E enquanto as autoridades e moradores dessas três ilhas contabilizam os estragos, o Serviço Nacional de Meteorologia e Geofísica prevê para as próximas horas queda de precipitação de intensidade variada, acompanhada de trovoada, sobretudo nas ilhas a norte do país. O céu apresenta-se nublado ou muito nublado, com visibilidade boa. O vento sopra moderado, Este/Nordeste ou Este/Sudeste.

Retirado do diario ASemana.


----------



## nimboestrato (18 Set 2009 às 01:54)

Do "www.cafemargoso.blogspot.com " , blog do Mindelo por mim todos os dias 
revisitado duas fotos da actualidade : 






[/URL][/IMG]






[/URL][/IMG]

Tenho um sobrinho a estagiar  na cidade que me afiançou,
que sim senhor, choveu de verdade ignorando obviamente essas preciosidades que nós tanto  gostamos  saber: 
-Afinal quanto em mm ?
Parece que foi mesmo muito...
e a "coisa" parece ainda não ter terminado...


----------



## Gerofil (18 Set 2009 às 23:01)

*Chuvas torrenciais voltam a atingir norte de Cabo Verde*

Três ilhas do norte do arquipélago de Cabo Verde estão sendo novamente atingidas por chuvas intensas. Além de a região estar sem sinal de rádio, os outros meios telecomunicação funcionam com dificuldade. As ilhas de Santo Antão, São Vicente e São Nicolau também sofrem com as tempestades, que pioram a situação que enfrentaram há dois dias, quando a intensidade da precipitação deixou as ilhas também isoladas, provocando perdas materiais, mas sem vítimas fatais.
O prefeito da Vila da Ribeira Brava na ilha de Santo Antão, Orlando Delgado, classificou o momento como uma "situação de calamidade". Em entrevista a uma emissora de rádio, Delgado fez um apelo à ajuda e solidariedade das instituições nacionais e internacionais para enfrentar o problema. Após dois dias de chuvas intensas, o prefeito de Ribeira Brava, na ilha de São Nicolau, Américo Nascimento, já havia feito um apelo, na quarta-feira. O Governo cabo-verdiano solicitou às empresas locais a disponibilização de máquinas e equipamentos para a remoção das toneladas de detritos depositados nas estadas e localidades próximas.
Contatada pela Agência Lusa, fonte do Ministério cabo-verdiano das Infraestruturas indicou estar em dúvida a ida de uma delegação do governo a São Nicolau, devido a dificuldades relacionadas com o mau tempo. 
O Serviço Nacional de Meteorologia e Geofísica de Cabo Verde prevê a chegada de mais chuva, principalmente naquelas três ilhas da região norte do arquipélago, "devido a uma situação de instabilidade", com a possibilidade de trovoadas.
Nas ilhas do nordeste (Sal e Boavista) e do sul (Maio, Santiago, Fogo e Brava) o céu está carregado de nuvens, mas não chove. 

Agencia Lusa


----------



## psm (19 Set 2009 às 09:05)

São impressionantes os relatos que vêm de Cabo Verde sobre a quantidade de chuva, e os estragos a ela associados!

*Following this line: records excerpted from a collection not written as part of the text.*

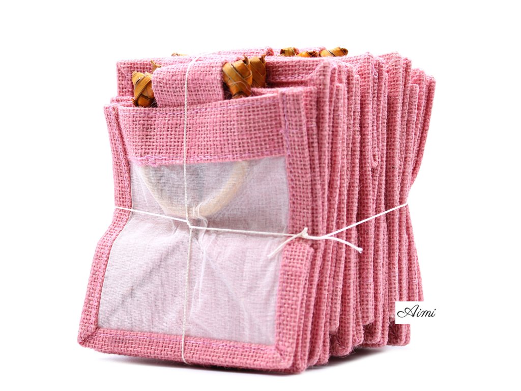Darčekové Tašky z Juty a Bavlny - 1 Okienko - Ružové
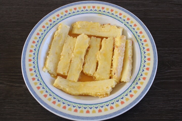Em um prato fundo, bata um ovo (se for grande, caso contrário, 2 pequenos: depende da quantidade de gateau que você tem) e adicione as fatias de gateau e deixe descansar.
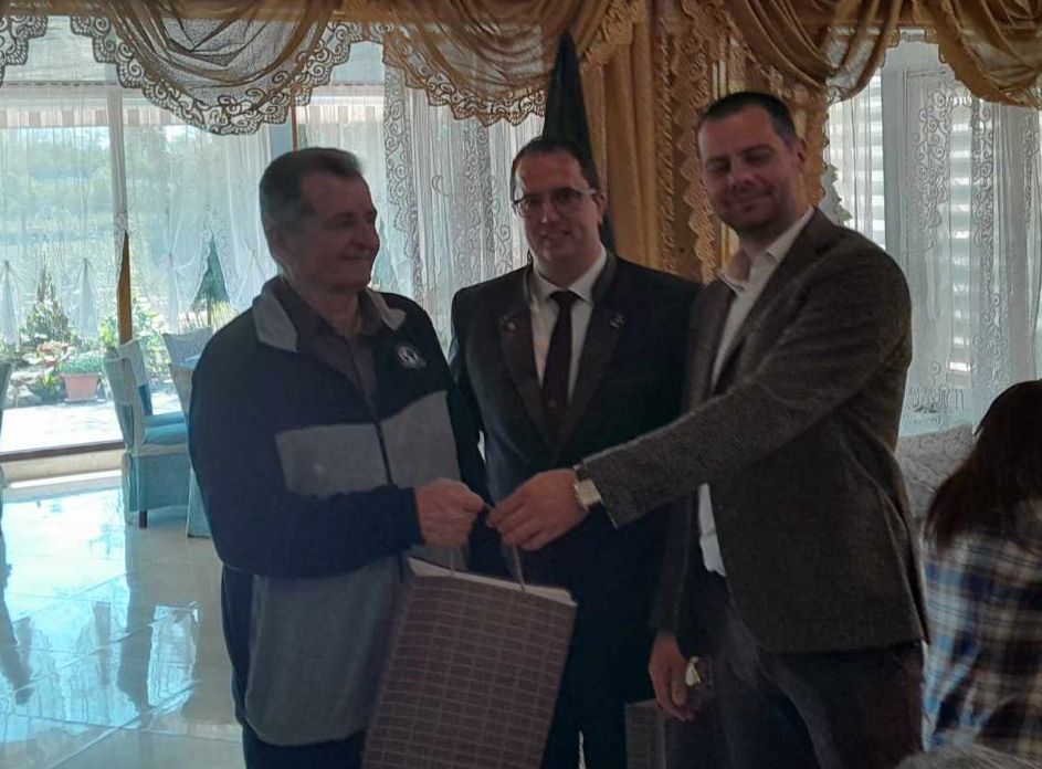 Инж. Василев награди 80-годишните близнаци Ангел и Антон Антонови. Те са членове на дружинката в земенското село Дивля и все още са активни ловци. Братята получиха по един ловен сервиз за ракия.
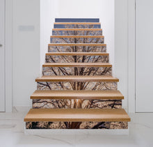 Tree Sunrise Forest Plant Gold Stair Riser Decals, Waterproof Removable Staircase Decals, Vinyl Peel And Stick Stairs Decal Stickers
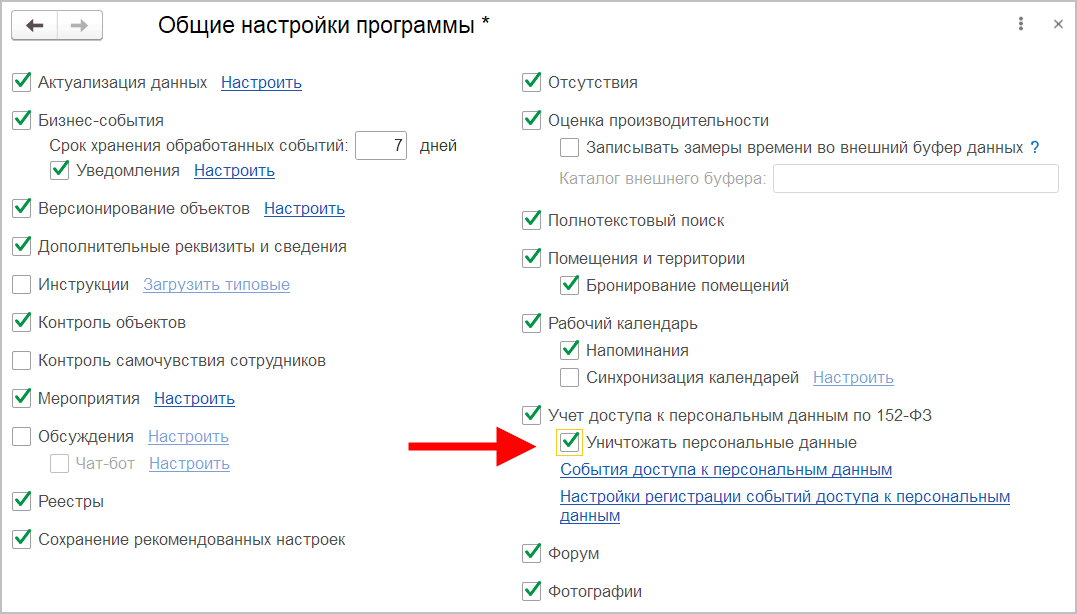 Для использования возможности в настройках программы необходимо включить настройку Уничтожать персональные данные. По умолчанию настройка отключена.
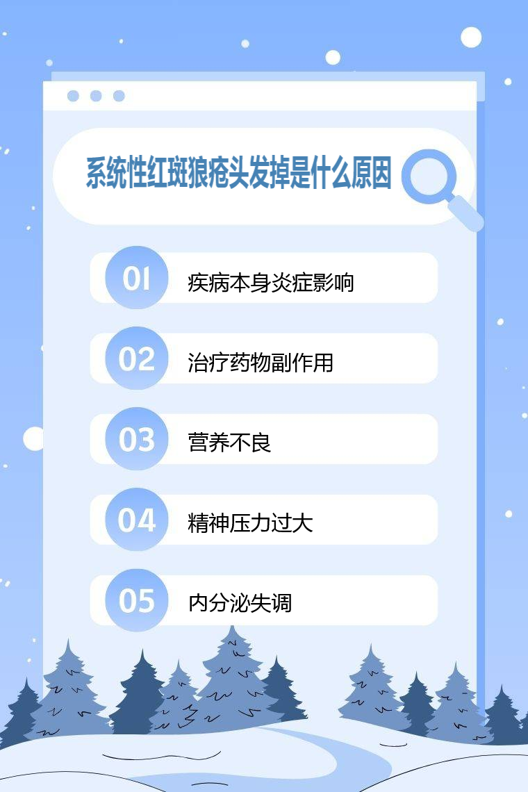 系统性红斑狼疮头发掉常见原因有疾病本身炎症影响、治疗药物副作用、营养不良、精神压力过大、内分泌失调等。

Chove intensamente na região norte do país
 18 Setembro 2009 
Chove com grande intensidade há mais de oito horas seguidas na ilha de São Nicolau. A situação, segundo fontes na ilha, começa a atingir proporções descontroladas. Também em São Vicente chove há mais de duas horas e a força da água é de tal ordem que arrasta consigo uma enorme quantidade de lixo, pedras e terra. A cidade do Mindelo está inundada.
As autoridades nacionais responsáveis pela protecção civil seguem atentamente a situação da Ribeira Brava (São Nicolau) porque as enchentes tomaram conta da Vila, as ruas estão inundadas e as pessoas abandonam as suas casas na zona mais baixa. A prioridade é salvar as pessoas.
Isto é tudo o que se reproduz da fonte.